I’m so lost in my despair for Wright that I forget where I am, who I’m with and the fact that all of us need to breathe. Like a Nephilim, we’ll drown in the water. A sharp elbow in the side reminds me.
I close my eyes and focus. The first and only time I tried this I only had to transport myself thirty feet. This time, there are four of us and the opposite side, which could also be completely flooded, is miles away. I address the most immediate concern first, drawing air from the stone walls of the flooded High River tunnel. A bubble forms around our upper bodies, providing air to breath. Pulling the air toward us is tiring, but keeping it in place is far easier.
Em and Kainda are momentarily stunned by what’s happening. Neither knew I could do such a thing. That makes three of us, I think.

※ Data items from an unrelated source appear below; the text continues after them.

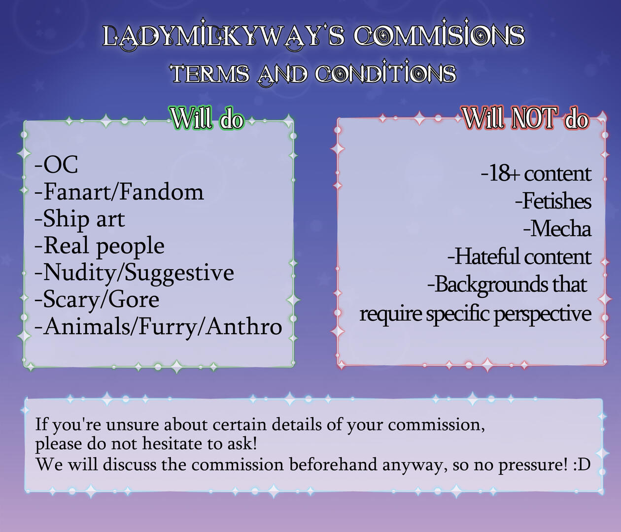 Commission sheets[Click the images to make them bigger and see them better!]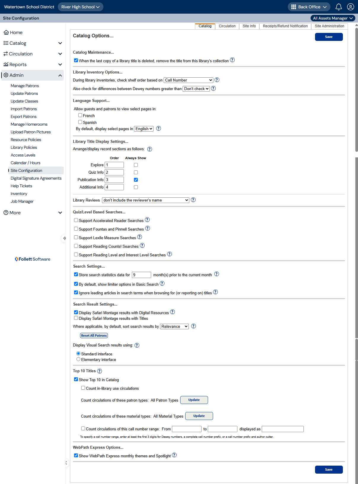 Select Site Settings Catalog OptionsThe following is a list of settings you can configure on Admin > Site Configuration > Catalog tab. |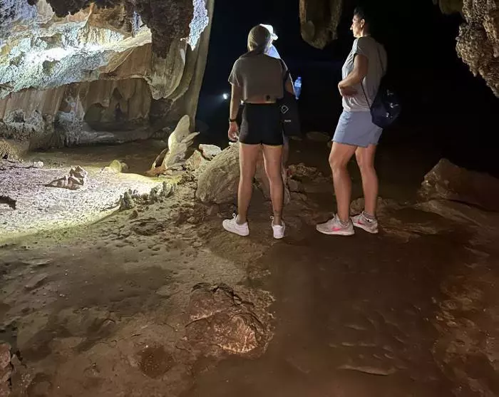 Du kan också välja att följa med på en spännande vandring som tar dig genom djungeln till en av områdets vackra stalaktitgrottor, Coral Cave. Se till att ta med vatten och robusta skor med stängd tå och observera att det kan vara halt under regnperioden. Tillsammans med din guide kommer du att åka till den plats där vandringen börjar i en longtail-båt. Under vandringen kommer du att få uppleva djungelns imponerande fauna, och din guide kommer att berätta om de olika arterna längs vägen. Du kan också få se några av de fåglar och insekter som bor i djungeln. Efter cirka 45 minuter kommer ni fram till en lagun där en bambuflotte väntar för att ta er till Coral Cave, vilket tar cirka 15 minuter. Inuti grottan kommer du att få se vackra stalagmiter och stalaktiter som liknar elefanter, häxor och ormar. Resan återvänder sedan på samma sätt som ni tog er dit.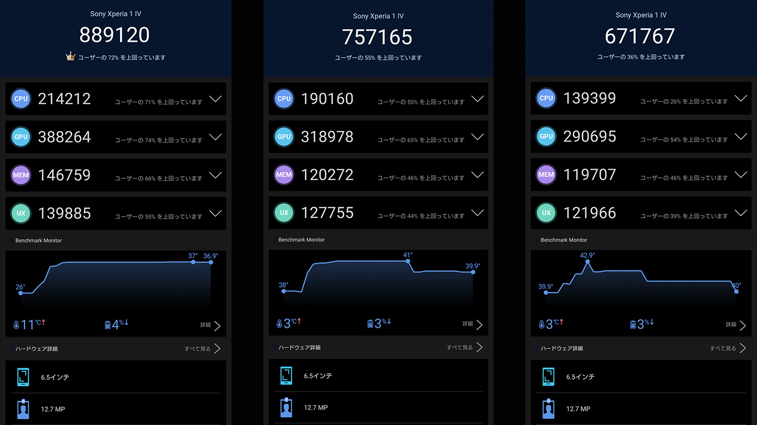Xperia 1Ⅳの方がが内部温度が上がりやすくパフォーマンスの持続性も低いです。ただiPhoneも結構熱くなるのでユーザーの使い方によっては気になるかもしれません。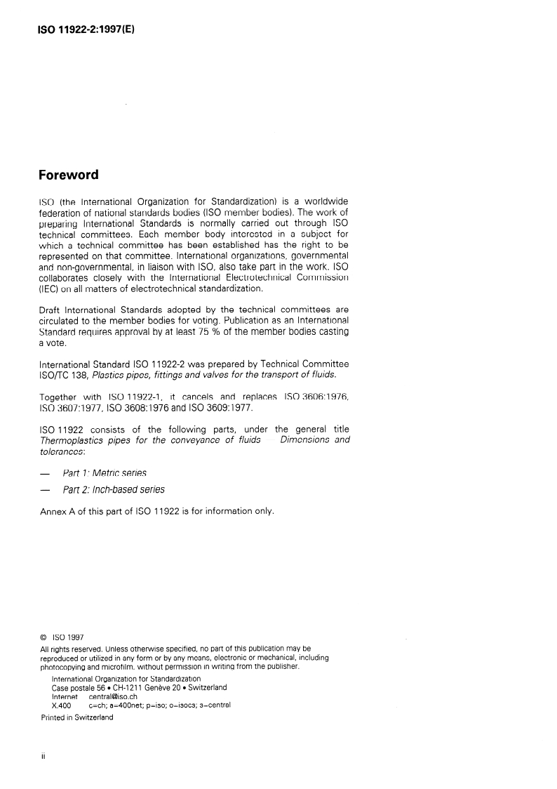 ISO 11922-2:1997 - Thermoplastics pipes for the conveyance of fluids — Dimensions and tolerances — Part 2: Inch-based series Released:4/3/1997

“What should we do?” Em asks after catching her breath. I can tell that she’s uncomfortable about leaving Wright behind. As am I. And it takes all of my will power not to race back up to save him. What keeps me in place is that, one, he’s likely already dead, and two, his dying wish was that I complete the mission. He understood better than all of us that this fight, this war, isn’t about any one person, but about all people. If one of us dies, so be it. If all of us have to die to save the world, then that’s the cost.
Wright was a good man. I could have learned a lot from him. So I’m not going to ignore his last lesson. “We need to finish the mission.” It’s what Wright wanted, but I can’t help feel like I’m the one condemning him.
“But how?” Em asks. “We can’t just stay here. And we can’t go back up.”
“We move forward,” Kainda says.
Blood drips from a wound on her lip. I want to wipe it away, but my hands are locked in place, holding Whipsnap so the others can cling to it like a rollercoaster-ride safety bar.
Kainda looks at me, oblivious to the blood on her face. “You can do it.”
Her confidence in the wake of our defeat is kind, but I’m not feeling it. She must sense this because she quickly changes tactics. “Push forward, Sol. You owe it to Wright. To Em. To me.” She nods to Kat. “To her.”
Guilt is a strong motivator for some people, but it kind of just sucks my strength. The sphere of air closes in around us as I lose focus.
“Solomon,” Kainda says, her voice growing harsh. “Look at me.”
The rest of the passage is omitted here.